Is this different on less paleolithic versions of
PG, or is there some other issue?

Same here:

select version();
PostgreSQL 8.3beta4, compiled by Visual C++ build 1400

select * from temppaths where path[1] = 43;
Seq Scan on temppaths (cost=0.00..26.38 rows=7 width=32) (actual
time=0.005..0.005 rows=0 loops=1)
Filter: (path[1] = 43)
Total runtime: 0.065 ms

Maybe you could use an expression index:

create index axo on temppaths((path[1]));

select * from temppaths where path[1] = 43;
Bitmap Heap Scan on temppaths (cost=4.30..14.45 rows=7 width=32)
(actual time=0.018..0.018 rows=0 loops=1)
Recheck Cond: (path[1] = 43)
-> Bitmap Index Scan on axo (cost=0.00..4.30 rows=7 width=0)
(actual time=0.012..0.012 rows=0 loops=1)
Index Cond: (path[1] = 43)
Total runtime: 0.106 ms

Good luck.

#3Tom Lane
tgl@sss.pgh.pa.us
In reply to: John D. Burger (#1)
Re: Array index not used for query on first element?
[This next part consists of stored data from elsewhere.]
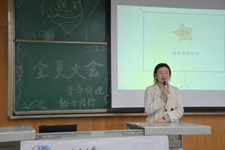 首先,刘阳老师为大会致辞,她表示非常开心大家能够因为志愿的初心一同坐在这里,从刚入学到现在已经一个学期过去了,我们一起组织过一系列大大小小的志愿活动,也一起开开心心地聚会、聚餐。物理青协就如同一个家庭一般温暖,大家每一个人都是不可或缺的一份子,也希望每一个人都能够坚守初心,不忘志愿使命。
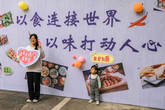在餐厅门口,还有不少员工在“以食连接世界,以味打动人心”的展牌下拍照留念,成为一处有趣的“打卡”点。
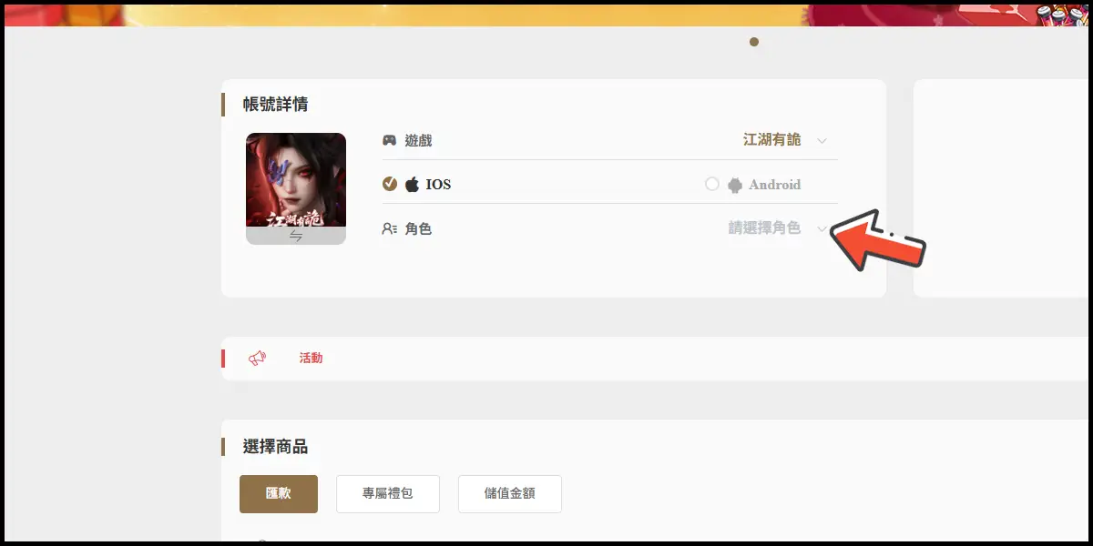 前往儲值網站後,遊戲選擇「江湖有詭」,並登入你的遊戲帳號。
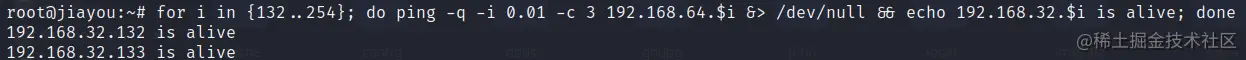 for i in {132..254}; do ping -q -i 0.01 -c 3 192.168.64.i &> /dev/null && echo 192.168.64.i is alive; done
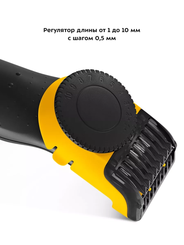 С помощью гребня и регулятора длины вы можете установить длину волос от 1 до 10 мм с точностью 0,5 мм.
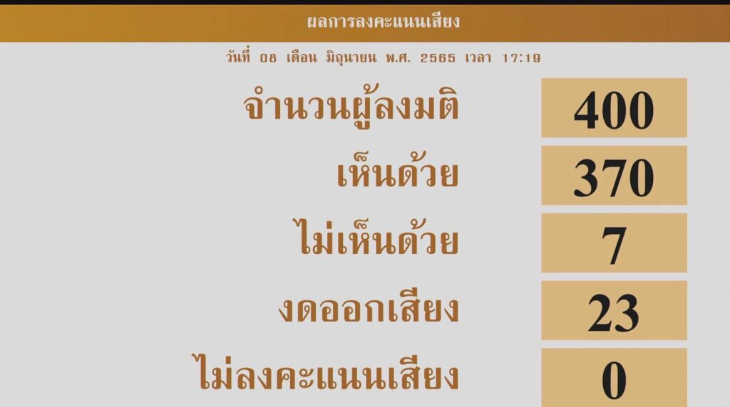 ที่ประชุมสภาผู้แทนราษฎร มีมติเสียงข้างมาก ด้วยคะแนน เห็นด้วย 370 เสียง ไม่เห็นด้วย 7 เสียง งดออกเสียง 23 เสียง ไม่ลงคะแนน 0 เสียงรับหลักการร่างพระราชบัญญัติกัญชง-กัญชา
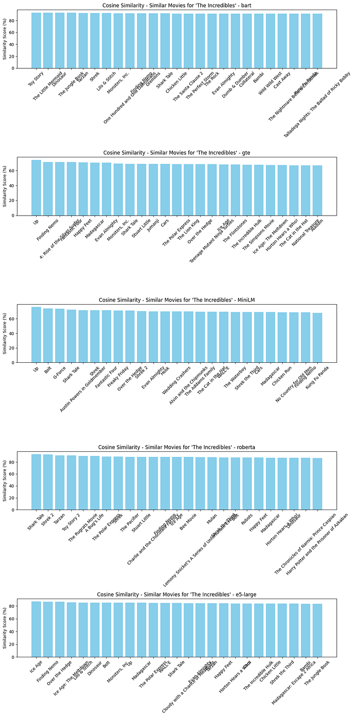 ‘Similarity Score (%)’: [round(most_similar_movie_median_bart[1] * 100, 3), round(most_similar_movie_median_gte[1] * 100, 3), round(most_similar_movie_median_MiniLM[1] * 100, 3), round(most_similar_movie_median_roberta[1] * 100, 3), round(most_similar_movie_median_e5_large[1] * 100, 3)]
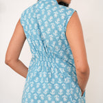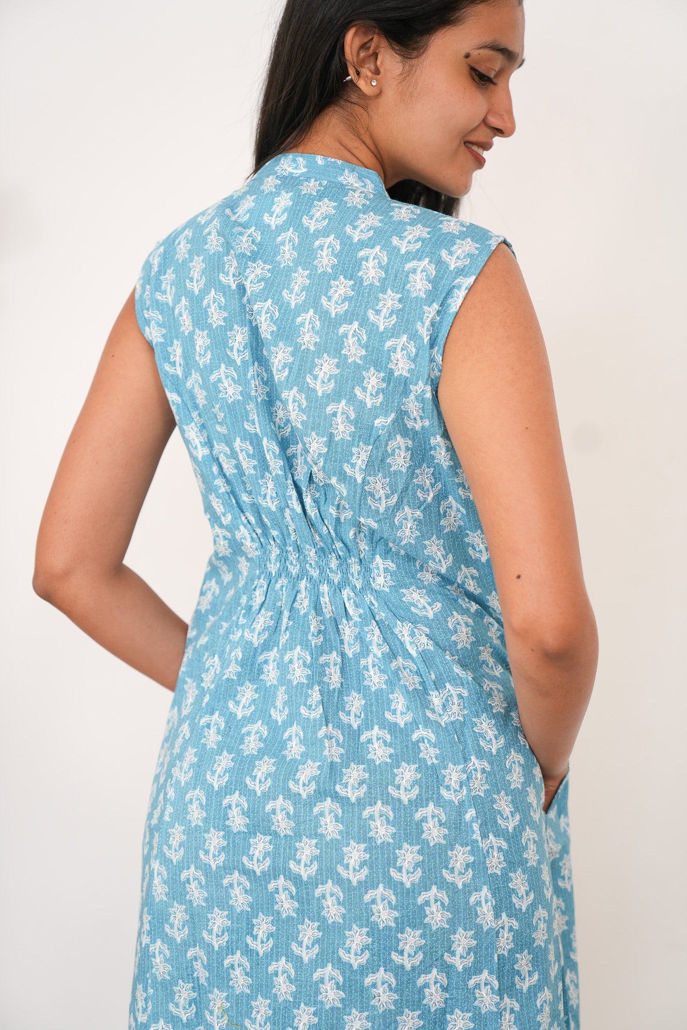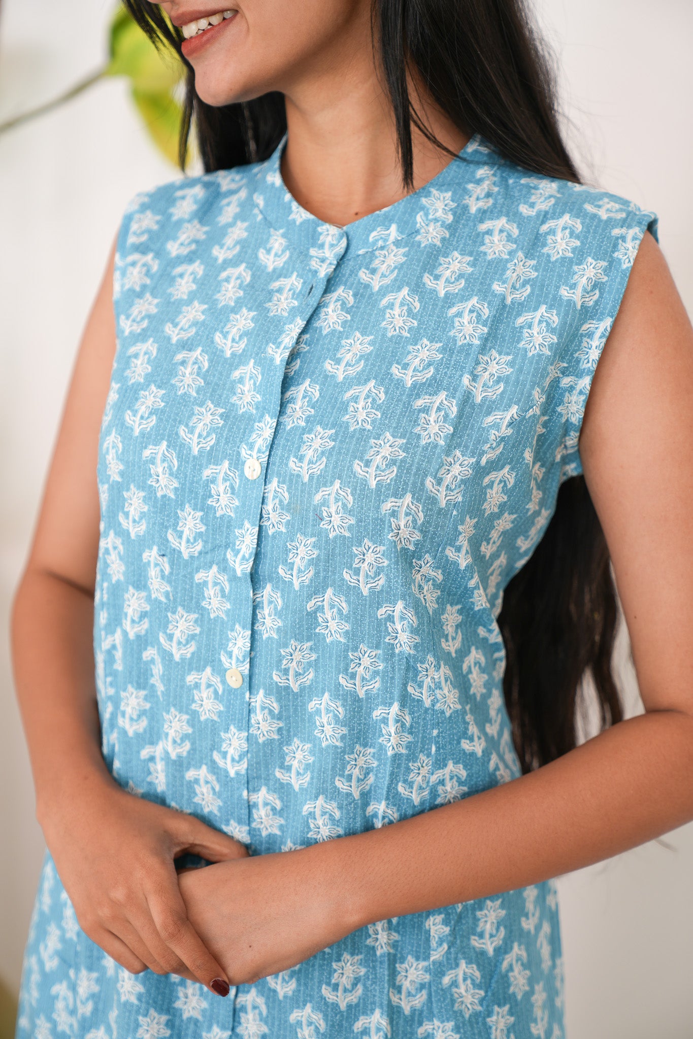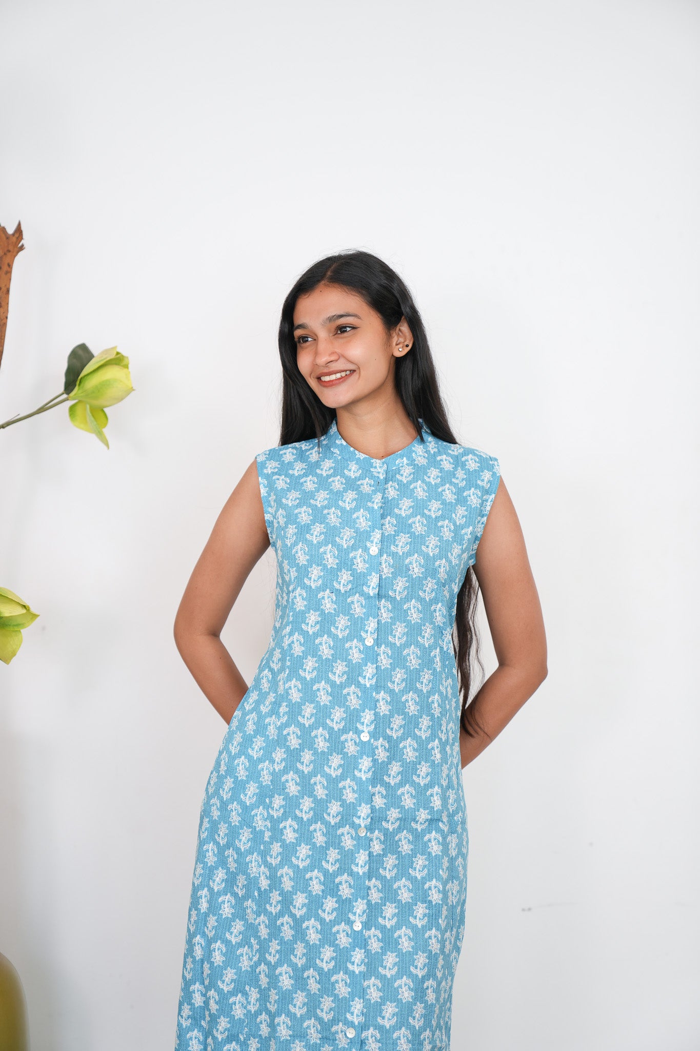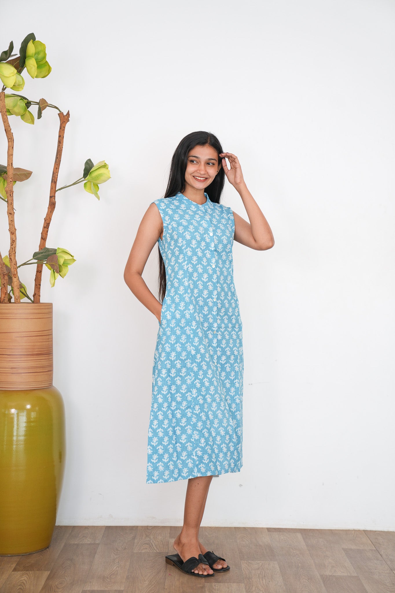 Sky blue  mandarin cotton shirt dress that exudes elegance and sophistication. It has buttons running down. Buttons cannot be opened.

"John D. Burger" <john@mitre.org> writes:

It seemed reasonable to me that a select on the first element of an
array column could use an index on the column, but, as seen in this
example, I can't get it to do so:

Nope. The operators that go along with a btree index are equality,
less than, etc on the whole indexed column. btree knows nothing
about extracting array elements.

You might find that contrib/intarray would help, though the operators it
can index are not exactly "array[x] = y".

regards, tom lane

#4John D. Burger
john@mitre.org
In reply to: Tom Lane (#3)
Re: Array index not used for query on first element?

Tom Lane wrote:

It seemed reasonable to me that a select on the first element of an
array column could use an index on the column, but, as seen in this
example, I can't get it to do so:

Nope. The operators that go along with a btree index are equality,
less than, etc on the whole indexed column. btree knows nothing
about extracting array elements.

I guess I was working by analogy with queries like this:

select * from someTable where textColumn like 'foo%';

This will happily use an ordinary btree index on textColumn, right?
(Although I know it's only for the C locale with the default op
class.) Anyway, I guess this is a far more common case than matching
the prefix of an array. Like another poster suggested, I can have an
additional expression index on the first element of my array column.